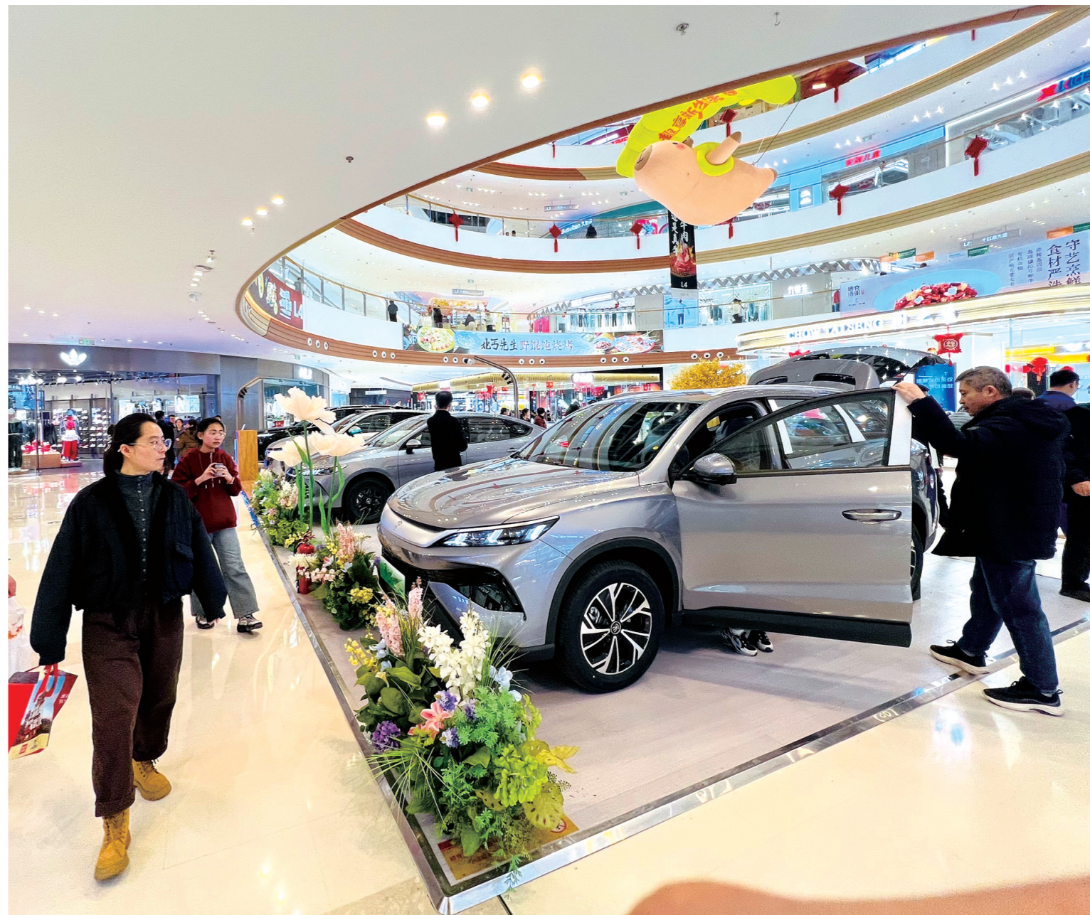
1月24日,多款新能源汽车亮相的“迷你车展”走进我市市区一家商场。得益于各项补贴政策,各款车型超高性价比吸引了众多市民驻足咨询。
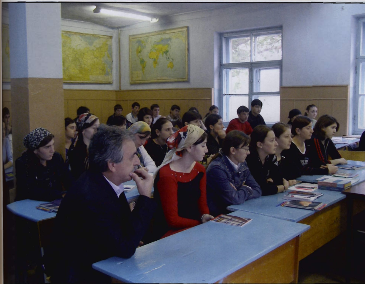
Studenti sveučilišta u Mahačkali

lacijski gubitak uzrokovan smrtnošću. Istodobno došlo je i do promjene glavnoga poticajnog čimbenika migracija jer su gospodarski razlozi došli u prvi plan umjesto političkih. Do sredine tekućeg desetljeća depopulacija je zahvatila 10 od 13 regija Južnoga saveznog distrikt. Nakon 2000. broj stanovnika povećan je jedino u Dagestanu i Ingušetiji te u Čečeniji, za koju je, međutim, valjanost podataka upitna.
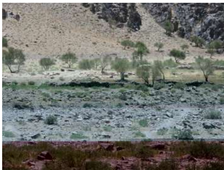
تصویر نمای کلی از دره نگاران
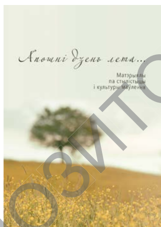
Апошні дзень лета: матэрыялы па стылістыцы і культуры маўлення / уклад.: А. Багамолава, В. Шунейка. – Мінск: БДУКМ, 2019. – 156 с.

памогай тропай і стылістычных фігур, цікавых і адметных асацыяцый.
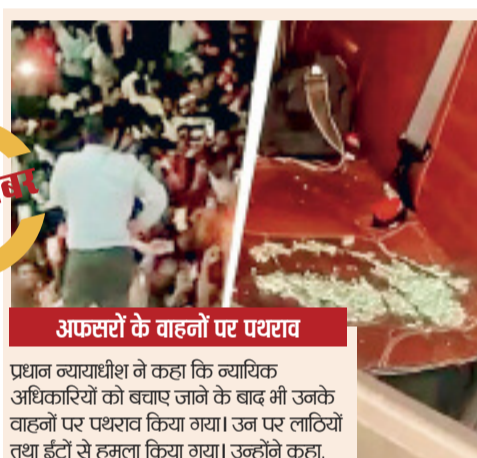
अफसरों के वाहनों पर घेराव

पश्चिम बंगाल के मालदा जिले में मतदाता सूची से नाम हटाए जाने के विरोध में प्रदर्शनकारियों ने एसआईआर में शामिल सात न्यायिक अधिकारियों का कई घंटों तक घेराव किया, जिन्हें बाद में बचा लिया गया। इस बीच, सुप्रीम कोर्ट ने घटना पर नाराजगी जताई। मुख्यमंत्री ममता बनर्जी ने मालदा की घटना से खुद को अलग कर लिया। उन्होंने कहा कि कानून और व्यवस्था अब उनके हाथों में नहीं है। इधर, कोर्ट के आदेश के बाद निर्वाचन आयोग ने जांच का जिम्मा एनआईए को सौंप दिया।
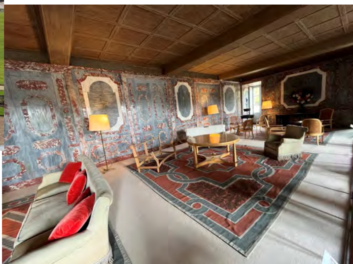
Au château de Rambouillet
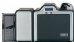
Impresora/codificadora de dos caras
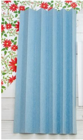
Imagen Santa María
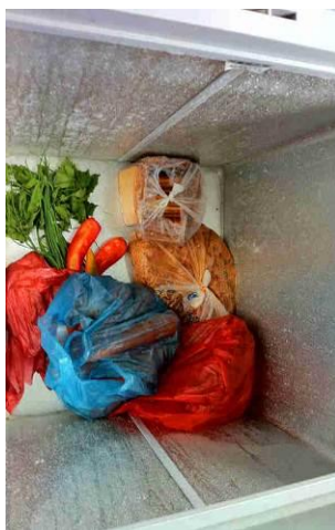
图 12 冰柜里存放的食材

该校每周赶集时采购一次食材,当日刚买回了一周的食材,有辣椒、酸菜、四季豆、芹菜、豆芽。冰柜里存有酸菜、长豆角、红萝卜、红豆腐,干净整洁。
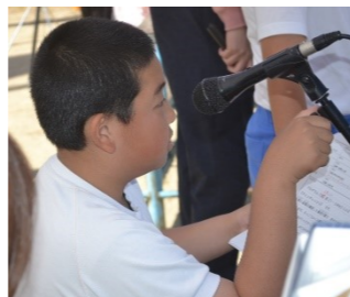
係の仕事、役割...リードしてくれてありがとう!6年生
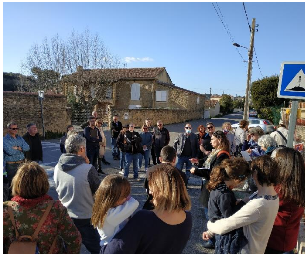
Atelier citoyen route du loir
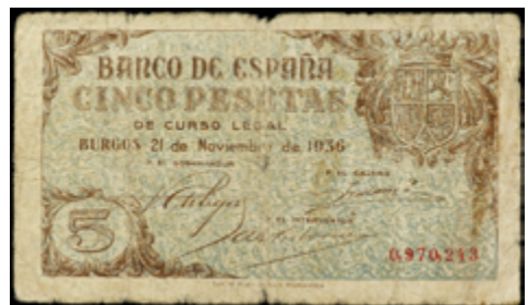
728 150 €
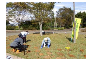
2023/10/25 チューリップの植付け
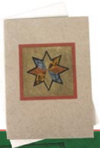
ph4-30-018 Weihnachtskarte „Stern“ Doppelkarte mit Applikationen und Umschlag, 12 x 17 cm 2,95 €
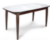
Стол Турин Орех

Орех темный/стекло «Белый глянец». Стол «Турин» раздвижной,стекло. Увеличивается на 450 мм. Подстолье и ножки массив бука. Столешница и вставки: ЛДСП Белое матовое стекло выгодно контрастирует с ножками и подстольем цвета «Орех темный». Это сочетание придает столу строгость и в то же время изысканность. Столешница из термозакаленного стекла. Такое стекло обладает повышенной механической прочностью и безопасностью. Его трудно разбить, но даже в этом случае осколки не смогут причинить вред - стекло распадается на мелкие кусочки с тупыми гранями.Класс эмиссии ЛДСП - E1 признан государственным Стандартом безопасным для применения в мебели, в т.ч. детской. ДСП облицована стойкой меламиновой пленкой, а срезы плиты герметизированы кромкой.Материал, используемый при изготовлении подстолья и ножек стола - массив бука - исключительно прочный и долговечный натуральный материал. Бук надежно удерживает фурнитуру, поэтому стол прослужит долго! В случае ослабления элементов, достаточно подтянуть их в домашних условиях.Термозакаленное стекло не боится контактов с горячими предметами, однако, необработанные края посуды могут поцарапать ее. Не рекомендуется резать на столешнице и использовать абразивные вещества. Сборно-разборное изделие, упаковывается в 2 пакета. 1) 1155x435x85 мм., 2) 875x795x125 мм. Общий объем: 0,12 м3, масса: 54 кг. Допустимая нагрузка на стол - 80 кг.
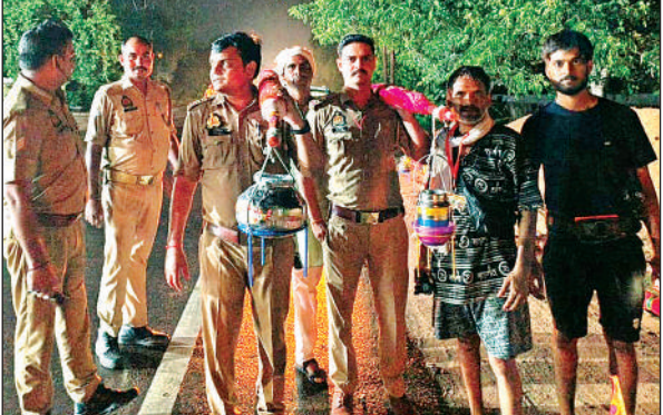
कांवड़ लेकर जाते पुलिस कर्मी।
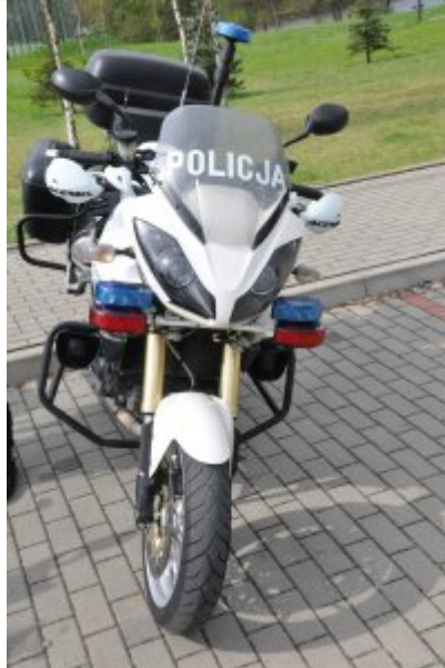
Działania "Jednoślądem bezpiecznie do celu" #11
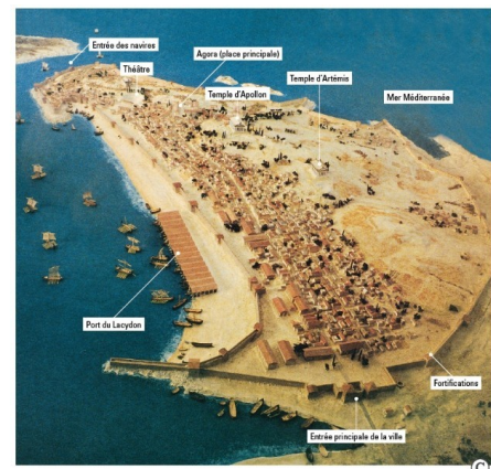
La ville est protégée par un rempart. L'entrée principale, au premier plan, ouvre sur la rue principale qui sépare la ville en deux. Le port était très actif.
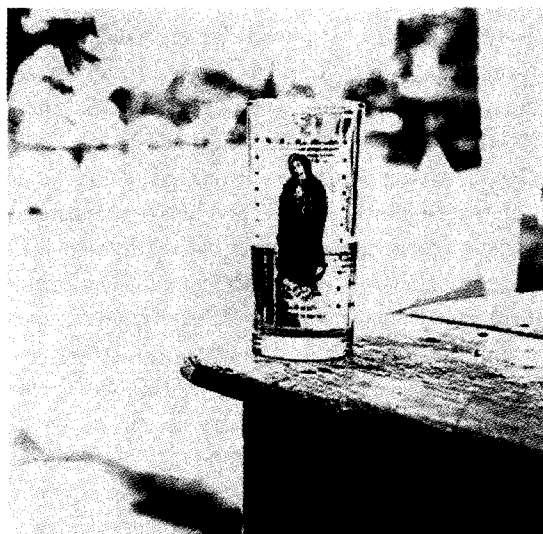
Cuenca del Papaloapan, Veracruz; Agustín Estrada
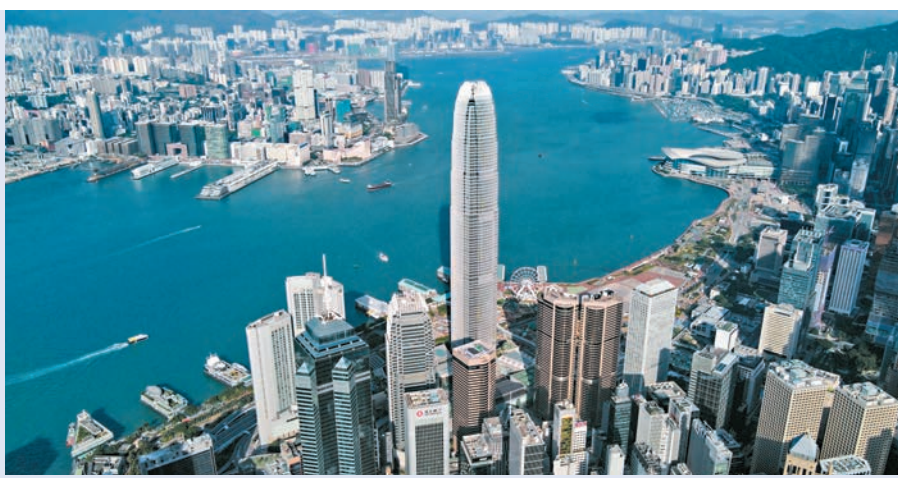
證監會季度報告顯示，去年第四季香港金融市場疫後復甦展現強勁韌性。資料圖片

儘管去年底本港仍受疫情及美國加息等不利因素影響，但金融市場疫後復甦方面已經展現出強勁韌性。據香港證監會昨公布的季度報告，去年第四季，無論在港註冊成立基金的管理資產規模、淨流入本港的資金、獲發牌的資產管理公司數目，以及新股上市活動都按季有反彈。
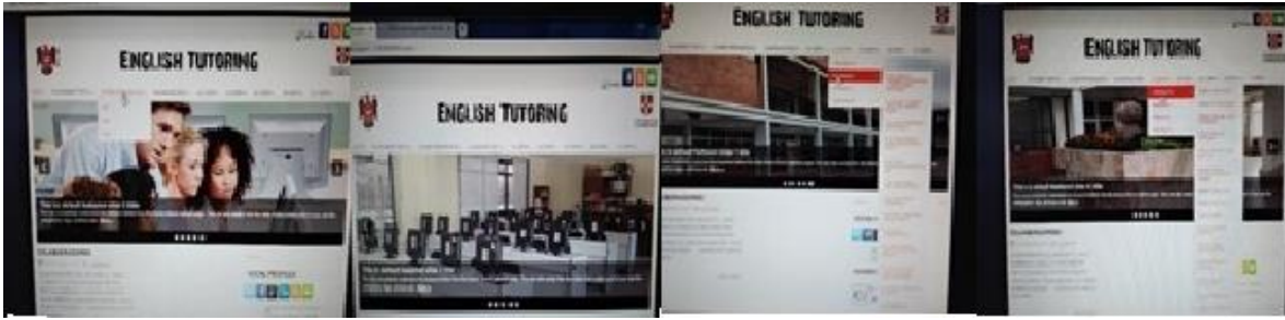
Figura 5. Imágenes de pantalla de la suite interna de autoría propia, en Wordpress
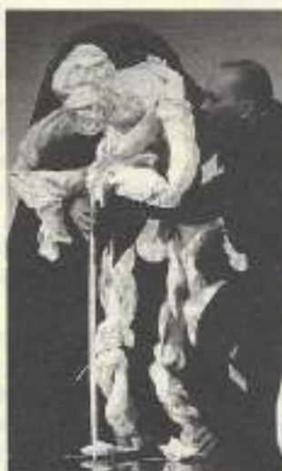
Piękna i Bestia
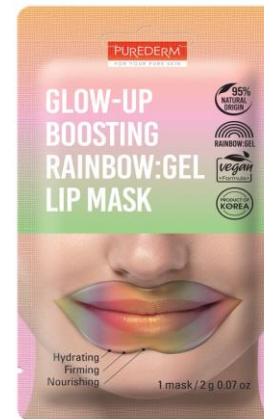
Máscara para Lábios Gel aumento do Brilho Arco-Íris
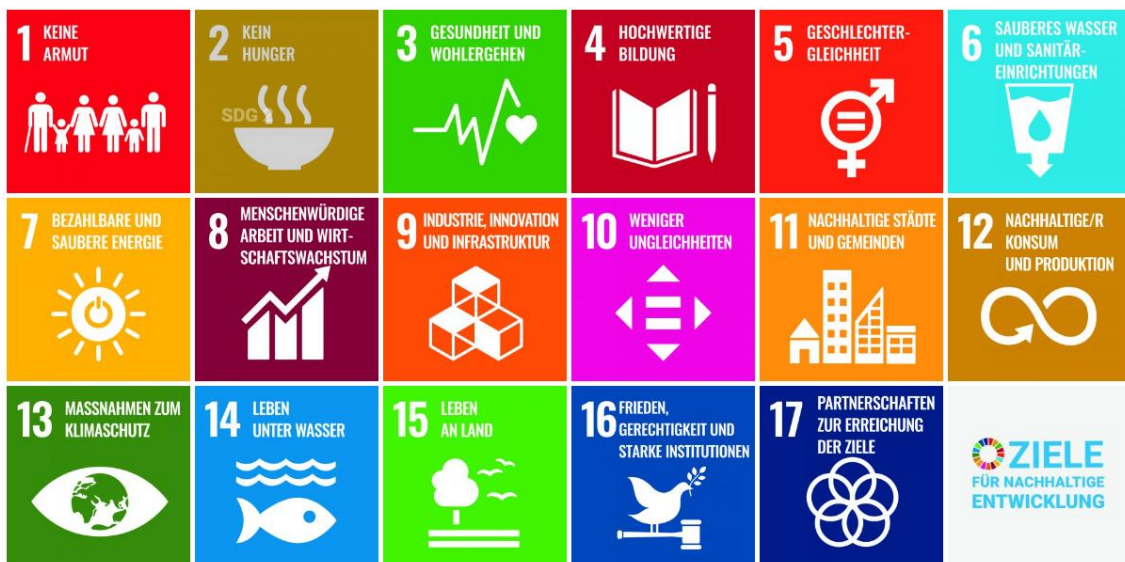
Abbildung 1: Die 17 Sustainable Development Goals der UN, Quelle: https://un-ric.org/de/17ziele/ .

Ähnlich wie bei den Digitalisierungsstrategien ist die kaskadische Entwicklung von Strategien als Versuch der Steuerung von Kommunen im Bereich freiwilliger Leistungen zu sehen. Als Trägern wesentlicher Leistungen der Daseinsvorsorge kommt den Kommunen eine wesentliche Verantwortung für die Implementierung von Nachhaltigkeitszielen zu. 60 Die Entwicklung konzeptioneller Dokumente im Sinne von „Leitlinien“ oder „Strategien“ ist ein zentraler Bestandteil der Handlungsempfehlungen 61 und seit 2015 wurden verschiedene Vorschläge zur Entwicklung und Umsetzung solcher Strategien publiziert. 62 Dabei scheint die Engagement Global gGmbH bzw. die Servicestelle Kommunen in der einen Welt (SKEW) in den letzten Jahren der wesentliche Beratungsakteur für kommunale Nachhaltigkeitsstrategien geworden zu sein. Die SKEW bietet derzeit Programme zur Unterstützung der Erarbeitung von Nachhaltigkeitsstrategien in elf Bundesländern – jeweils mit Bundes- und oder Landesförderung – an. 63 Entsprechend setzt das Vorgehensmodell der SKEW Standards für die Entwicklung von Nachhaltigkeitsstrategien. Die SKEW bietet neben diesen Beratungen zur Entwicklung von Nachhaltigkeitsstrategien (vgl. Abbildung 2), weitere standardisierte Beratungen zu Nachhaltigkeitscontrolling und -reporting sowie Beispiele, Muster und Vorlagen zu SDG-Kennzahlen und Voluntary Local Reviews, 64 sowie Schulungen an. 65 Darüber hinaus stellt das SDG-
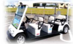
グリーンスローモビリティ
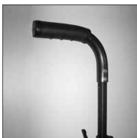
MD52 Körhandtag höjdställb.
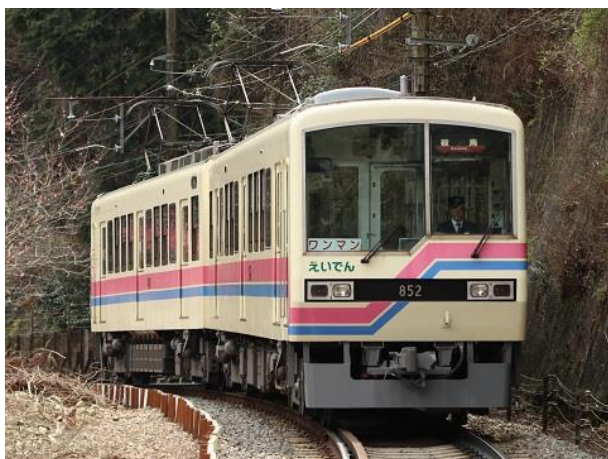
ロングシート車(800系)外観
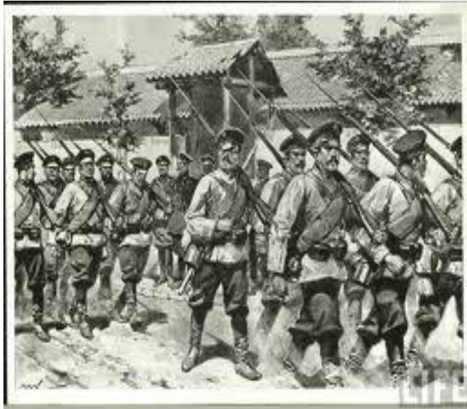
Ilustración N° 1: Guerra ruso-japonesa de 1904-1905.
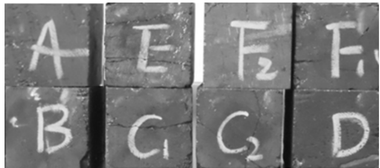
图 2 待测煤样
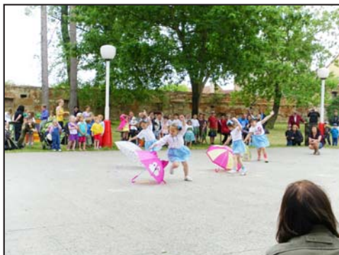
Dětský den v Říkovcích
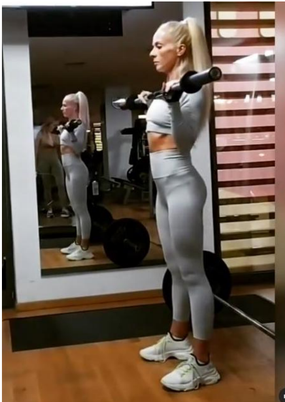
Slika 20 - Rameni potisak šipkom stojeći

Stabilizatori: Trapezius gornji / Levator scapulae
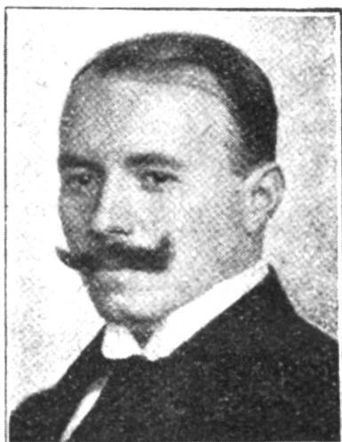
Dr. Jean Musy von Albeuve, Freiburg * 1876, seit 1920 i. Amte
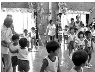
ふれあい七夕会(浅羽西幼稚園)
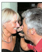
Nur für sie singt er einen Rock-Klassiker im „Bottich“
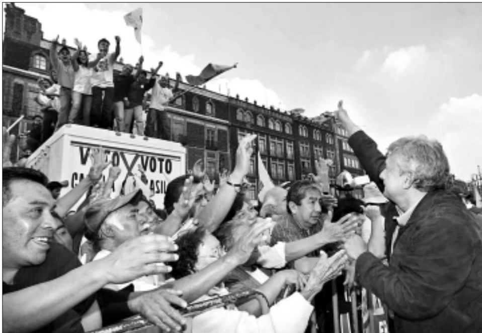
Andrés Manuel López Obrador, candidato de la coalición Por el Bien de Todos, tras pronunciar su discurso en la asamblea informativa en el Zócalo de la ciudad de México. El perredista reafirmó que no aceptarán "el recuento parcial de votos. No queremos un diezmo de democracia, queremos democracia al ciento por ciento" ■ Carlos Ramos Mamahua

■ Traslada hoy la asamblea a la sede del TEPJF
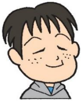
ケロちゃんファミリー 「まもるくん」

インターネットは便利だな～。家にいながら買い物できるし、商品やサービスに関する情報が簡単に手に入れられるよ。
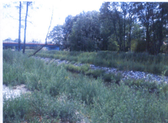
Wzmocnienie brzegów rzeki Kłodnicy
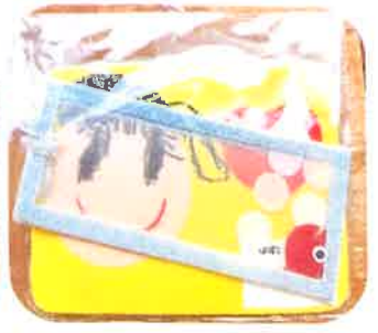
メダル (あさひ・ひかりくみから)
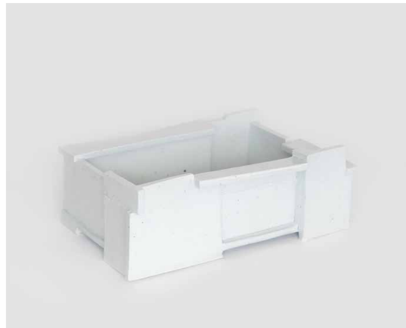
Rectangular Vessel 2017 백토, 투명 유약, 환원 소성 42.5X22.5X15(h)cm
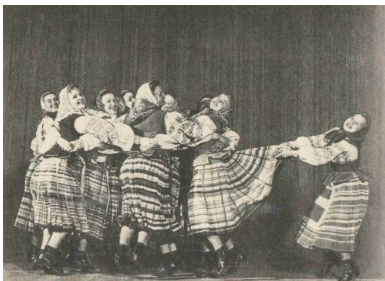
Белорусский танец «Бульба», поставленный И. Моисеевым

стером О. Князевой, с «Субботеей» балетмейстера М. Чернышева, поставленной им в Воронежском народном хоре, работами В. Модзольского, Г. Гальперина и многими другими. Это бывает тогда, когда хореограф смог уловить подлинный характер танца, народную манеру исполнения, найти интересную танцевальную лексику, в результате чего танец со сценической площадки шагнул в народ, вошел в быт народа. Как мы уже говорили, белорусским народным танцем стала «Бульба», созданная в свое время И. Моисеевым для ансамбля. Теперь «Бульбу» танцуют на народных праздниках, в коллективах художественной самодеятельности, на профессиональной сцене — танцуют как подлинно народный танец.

[Exercise directions]
Precisely those lines above that run from the line with "Dětský den v Říkovcích" up to and including the line with "поставленный И. Моисеевым" are to be set down, with the pictures omitted.

[Result of the task]
Dětský den v Říkovcích
Slika 20 - Rameni potisak šipkom stojeći

Stabilizatori: Trapezius gornji / Levator scapulae
Dr. Jean Musy von Albeuve, Freiburg * 1876, seit 1920 i. Amte
ふれあい七夕会(浅羽西幼稚園)
Nur für sie singt er einen Rock-Klassiker im „Bottich“
Andrés Manuel López Obrador, candidato de la coalición Por el Bien de Todos, tras pronunciar su discurso en la asamblea informativa en el Zócalo de la ciudad de México. El perredista reafirmó que no aceptarán "el recuento parcial de votos. No queremos un diezmo de democracia, queremos democracia al ciento por ciento" ■ Carlos Ramos Mamahua

■ Traslada hoy la asamblea a la sede del TEPJF
ケロちゃんファミリー 「まもるくん」

インターネットは便利だな～。家にいながら買い物できるし、商品やサービスに関する情報が簡単に手に入れられるよ。
Wzmocnienie brzegów rzeki Kłodnicy
メダル (あさひ・ひかりくみから)
Rectangular Vessel 2017 백토, 투명 유약, 환원 소성 42.5X22.5X15(h)cm
Белорусский танец «Бульба», поставленный И. Моисеевым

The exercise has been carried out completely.